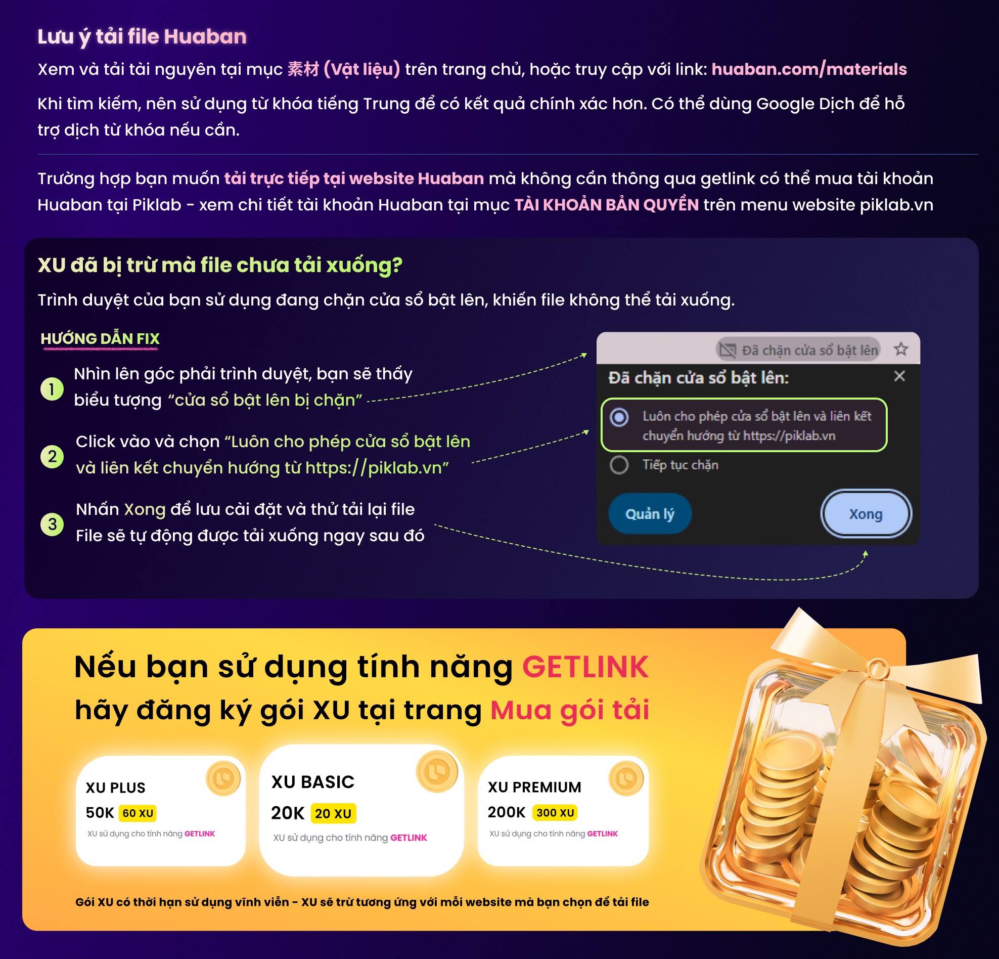 ⚠️ Do đặc thù về máy chủ Trung Quốc và giới hạn truy cập quốc tế, việc getlink Huaban có thể xảy ra lỗi hoặc gián đoạn. Vì vậy, nếu gặp lỗi trong quá trình tải file từ Huaban, bạn có thể đợi và thử lại sau vài phút.
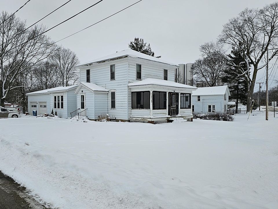 3 Brs 1.5 bath home on a double almost 1/2 acre lot. Main floor offers kitchen with laundry hook ups, Dining rm, spacious living rm, off front entrance, family rm area could be a bedroom. Upper level offers 3 bedrooms, and half bath. 2 car attached garage with storage above. Front and side porches.
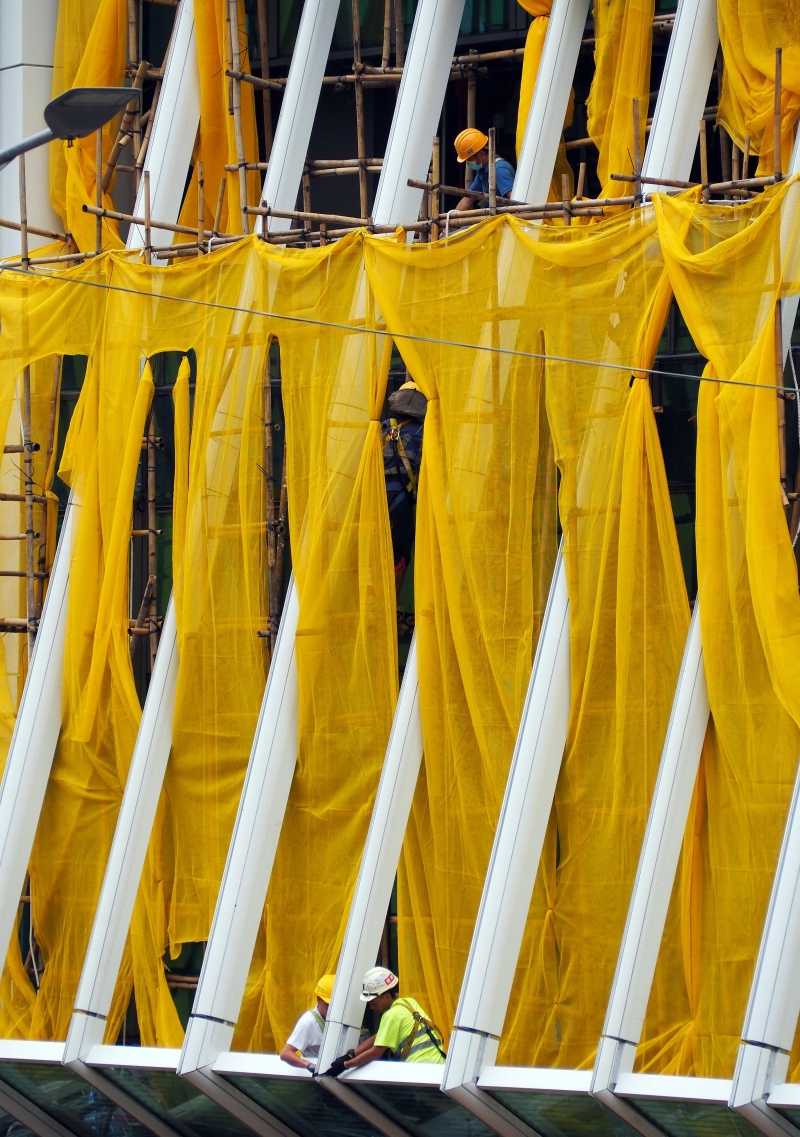 工人在商廈做好防範風暴安全措施。 (完) 【編輯:洪少葵】
++++++++
Find the line that contains "3 Brs 1.5 bath" and repeat it, along with every line after it to the end of the data, exactly; drop the pictures.

_COMPLETED TASK:_
 3 Brs 1.5 bath home on a double almost 1/2 acre lot. Main floor offers kitchen with laundry hook ups, Dining rm, spacious living rm, off front entrance, family rm area could be a bedroom. Upper level offers 3 bedrooms, and half bath. 2 car attached garage with storage above. Front and side porches.
 工人在商廈做好防範風暴安全措施。 (完) 【編輯:洪少葵】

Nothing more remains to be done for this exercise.